> Task directions
Would you retype exactly the lines below, starting with the one that has "Beautiful Widget to" and going on through the one that has "This compact emergency", with no pictures and nothing else?

[Records for this task]

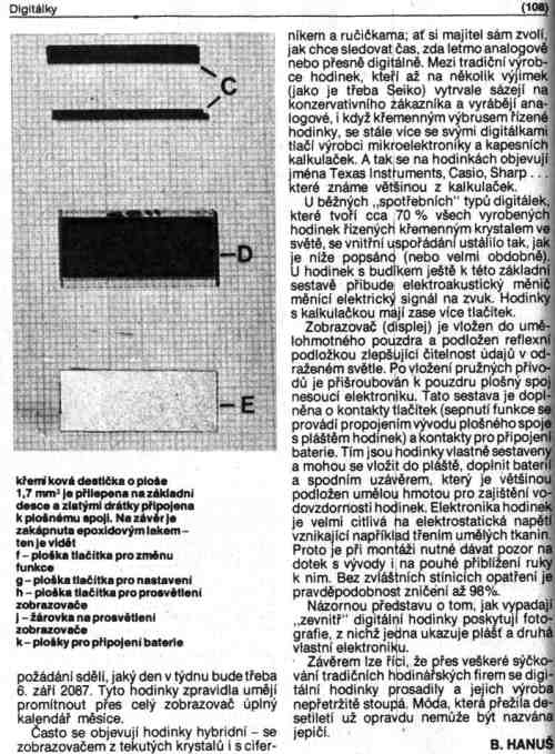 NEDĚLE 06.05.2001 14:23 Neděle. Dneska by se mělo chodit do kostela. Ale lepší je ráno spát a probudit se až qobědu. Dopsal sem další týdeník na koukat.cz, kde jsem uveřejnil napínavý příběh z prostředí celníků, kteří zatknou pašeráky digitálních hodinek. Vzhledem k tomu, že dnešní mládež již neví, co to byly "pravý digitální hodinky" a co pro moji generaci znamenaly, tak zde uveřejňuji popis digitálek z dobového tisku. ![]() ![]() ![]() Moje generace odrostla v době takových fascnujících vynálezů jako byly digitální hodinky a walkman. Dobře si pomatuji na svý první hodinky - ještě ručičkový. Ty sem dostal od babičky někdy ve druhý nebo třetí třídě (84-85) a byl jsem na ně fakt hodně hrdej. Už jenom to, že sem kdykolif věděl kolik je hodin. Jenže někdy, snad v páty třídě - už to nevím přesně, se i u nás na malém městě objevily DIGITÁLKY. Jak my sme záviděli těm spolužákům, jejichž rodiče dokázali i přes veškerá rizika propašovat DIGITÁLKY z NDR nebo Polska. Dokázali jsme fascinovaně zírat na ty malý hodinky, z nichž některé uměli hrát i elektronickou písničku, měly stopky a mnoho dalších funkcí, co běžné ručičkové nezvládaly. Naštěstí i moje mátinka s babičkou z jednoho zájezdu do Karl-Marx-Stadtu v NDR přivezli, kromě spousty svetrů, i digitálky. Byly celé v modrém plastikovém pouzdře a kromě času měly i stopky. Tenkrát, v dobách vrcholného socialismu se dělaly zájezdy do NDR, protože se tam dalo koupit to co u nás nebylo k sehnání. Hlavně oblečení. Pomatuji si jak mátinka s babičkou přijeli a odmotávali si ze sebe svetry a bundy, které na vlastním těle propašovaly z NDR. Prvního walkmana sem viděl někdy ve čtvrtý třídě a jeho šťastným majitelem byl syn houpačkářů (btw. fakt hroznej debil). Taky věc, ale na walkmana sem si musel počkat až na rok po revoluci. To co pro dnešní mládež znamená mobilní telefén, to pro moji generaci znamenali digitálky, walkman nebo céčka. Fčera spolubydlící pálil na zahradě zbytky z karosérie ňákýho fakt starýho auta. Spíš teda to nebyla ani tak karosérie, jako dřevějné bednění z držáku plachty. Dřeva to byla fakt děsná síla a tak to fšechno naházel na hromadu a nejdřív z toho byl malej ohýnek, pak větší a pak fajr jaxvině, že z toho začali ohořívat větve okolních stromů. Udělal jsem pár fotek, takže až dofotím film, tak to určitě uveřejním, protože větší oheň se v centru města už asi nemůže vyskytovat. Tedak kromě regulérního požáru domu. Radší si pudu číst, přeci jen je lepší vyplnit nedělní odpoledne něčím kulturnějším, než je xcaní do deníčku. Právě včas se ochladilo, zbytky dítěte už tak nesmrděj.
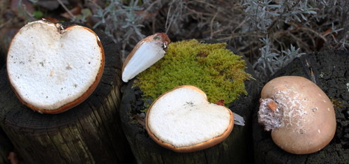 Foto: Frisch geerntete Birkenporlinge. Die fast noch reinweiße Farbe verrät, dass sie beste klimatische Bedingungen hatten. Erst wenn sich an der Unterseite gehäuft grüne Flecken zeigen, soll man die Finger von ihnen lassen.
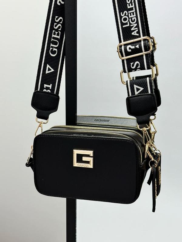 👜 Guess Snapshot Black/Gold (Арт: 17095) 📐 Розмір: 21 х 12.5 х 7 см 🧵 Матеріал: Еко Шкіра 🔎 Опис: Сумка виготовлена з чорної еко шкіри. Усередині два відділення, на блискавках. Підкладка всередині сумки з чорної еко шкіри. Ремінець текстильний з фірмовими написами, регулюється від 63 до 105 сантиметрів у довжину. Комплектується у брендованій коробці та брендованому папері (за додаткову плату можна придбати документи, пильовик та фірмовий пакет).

[/Records for this task]
[Records for this task]

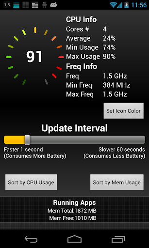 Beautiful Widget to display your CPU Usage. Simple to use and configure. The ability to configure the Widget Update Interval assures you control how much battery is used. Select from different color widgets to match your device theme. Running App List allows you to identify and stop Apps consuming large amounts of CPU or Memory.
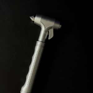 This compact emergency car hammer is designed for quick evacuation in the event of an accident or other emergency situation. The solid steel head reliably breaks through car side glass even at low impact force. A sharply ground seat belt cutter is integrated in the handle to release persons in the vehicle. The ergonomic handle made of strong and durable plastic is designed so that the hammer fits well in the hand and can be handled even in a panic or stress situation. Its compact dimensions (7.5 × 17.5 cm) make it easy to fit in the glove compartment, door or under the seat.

[/Records for this task]
[Records for this task]

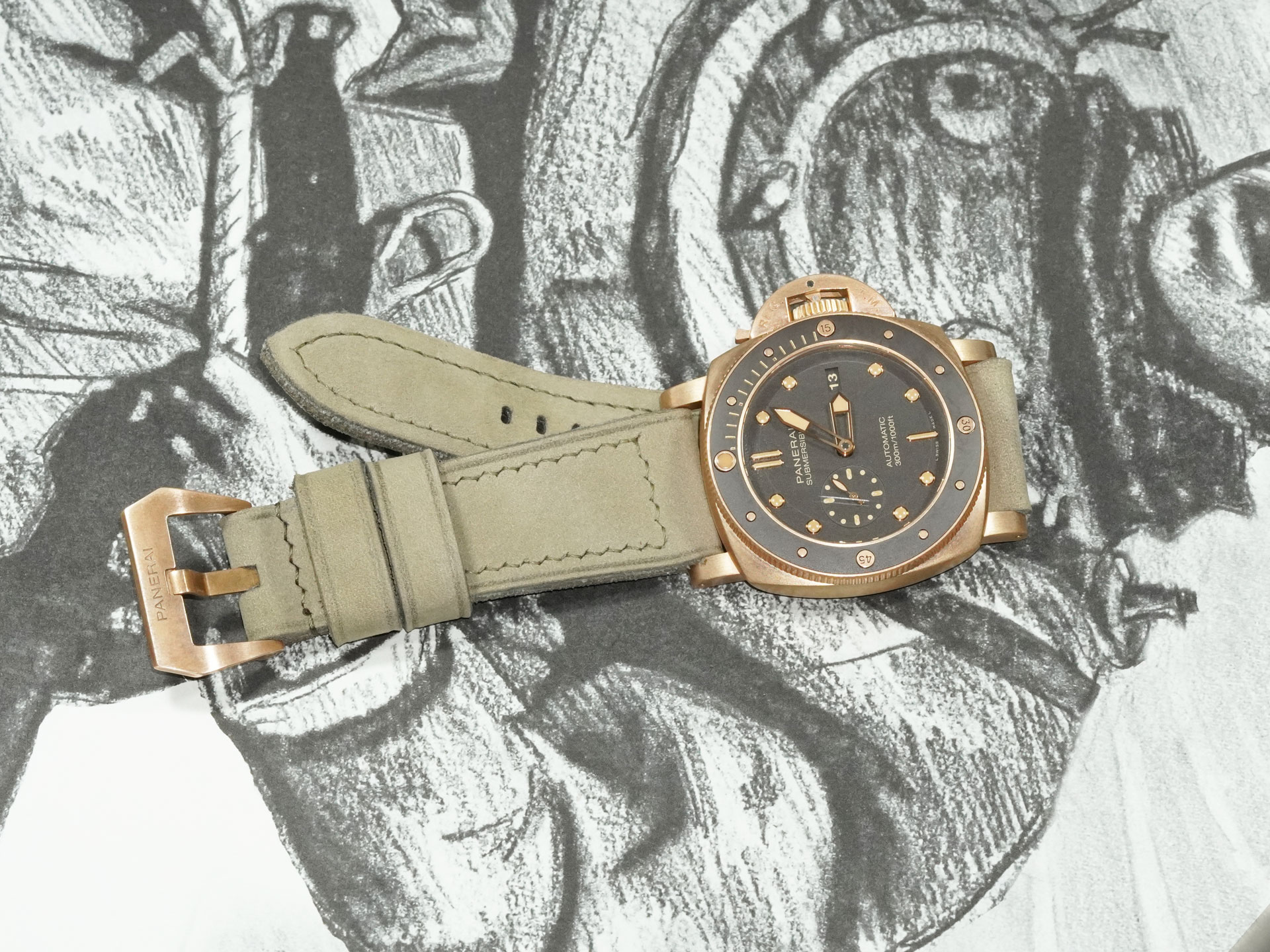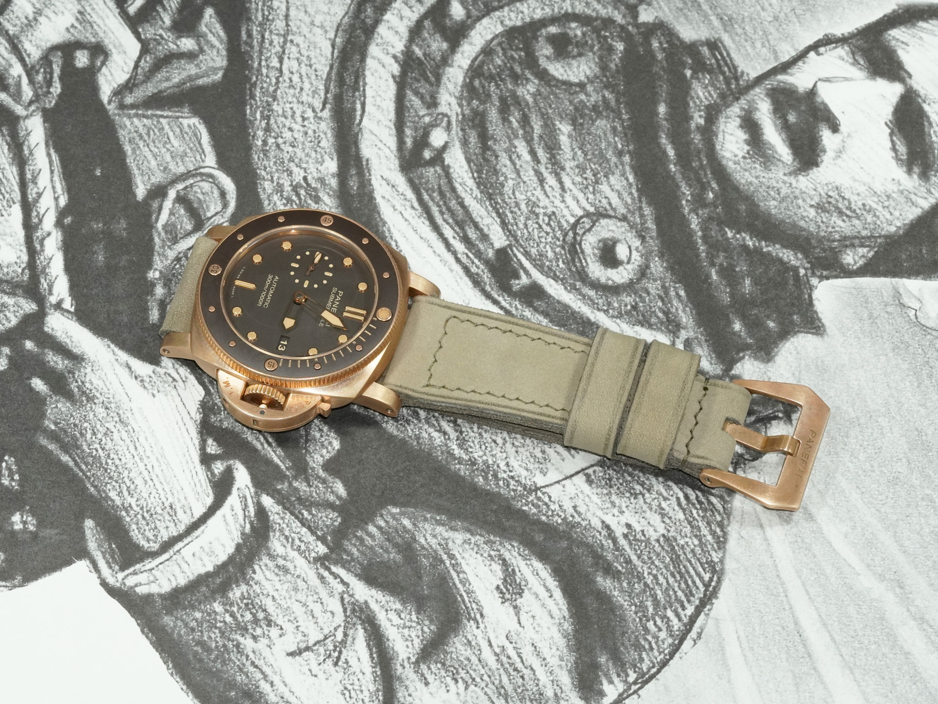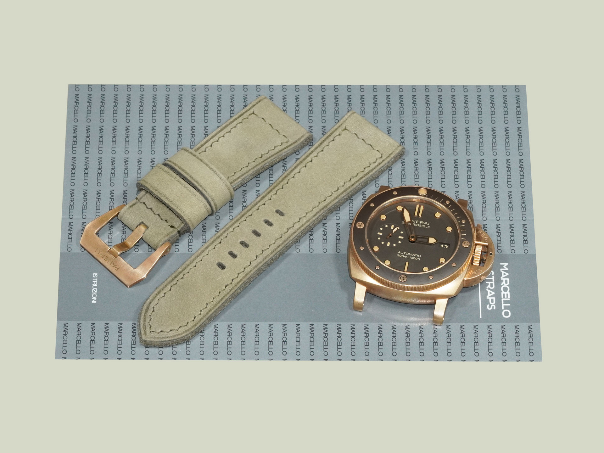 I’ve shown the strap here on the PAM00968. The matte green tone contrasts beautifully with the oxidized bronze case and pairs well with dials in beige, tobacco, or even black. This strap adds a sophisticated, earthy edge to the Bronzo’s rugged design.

[/Records for this task]

> Result of the exercise
 Beautiful Widget to display your CPU Usage. Simple to use and configure. The ability to configure the Widget Update Interval assures you control how much battery is used. Select from different color widgets to match your device theme. Running App List allows you to identify and stop Apps consuming large amounts of CPU or Memory.
 This compact emergency car hammer is designed for quick evacuation in the event of an accident or other emergency situation. The solid steel head reliably breaks through car side glass even at low impact force. A sharply ground seat belt cutter is integrated in the handle to release persons in the vehicle. The ergonomic handle made of strong and durable plastic is designed so that the hammer fits well in the hand and can be handled even in a panic or stress situation. Its compact dimensions (7.5 × 17.5 cm) make it easy to fit in the glove compartment, door or under the seat.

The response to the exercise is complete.